*Information supplied*.
----

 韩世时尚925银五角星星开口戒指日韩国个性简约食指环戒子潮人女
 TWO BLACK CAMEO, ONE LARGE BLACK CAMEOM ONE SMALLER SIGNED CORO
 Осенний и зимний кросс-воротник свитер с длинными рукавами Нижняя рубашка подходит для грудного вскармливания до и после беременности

----

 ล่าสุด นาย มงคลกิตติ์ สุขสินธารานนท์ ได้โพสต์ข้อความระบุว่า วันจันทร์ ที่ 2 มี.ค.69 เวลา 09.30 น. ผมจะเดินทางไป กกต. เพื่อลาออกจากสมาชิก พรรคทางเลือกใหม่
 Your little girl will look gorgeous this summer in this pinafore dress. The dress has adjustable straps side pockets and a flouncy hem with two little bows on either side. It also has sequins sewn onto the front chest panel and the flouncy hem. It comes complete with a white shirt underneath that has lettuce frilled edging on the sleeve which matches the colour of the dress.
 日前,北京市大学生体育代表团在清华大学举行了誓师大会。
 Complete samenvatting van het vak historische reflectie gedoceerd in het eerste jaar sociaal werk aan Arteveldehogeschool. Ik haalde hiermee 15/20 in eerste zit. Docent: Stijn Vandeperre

----

Give again, word for word, every line of the listing above from the one with "日前,北京市大学生体育代表团在清华大学举行了誓师大会。" to the one with "Complete samenvatting van", both inclusive, and nothing beyond them.

*Exercise response*.
 日前,北京市大学生体育代表团在清华大学举行了誓师大会。
 Complete samenvatting van het vak historische reflectie gedoceerd in het eerste jaar sociaal werk aan Arteveldehogeschool. Ik haalde hiermee 15/20 in eerste zit. Docent: Stijn Vandeperre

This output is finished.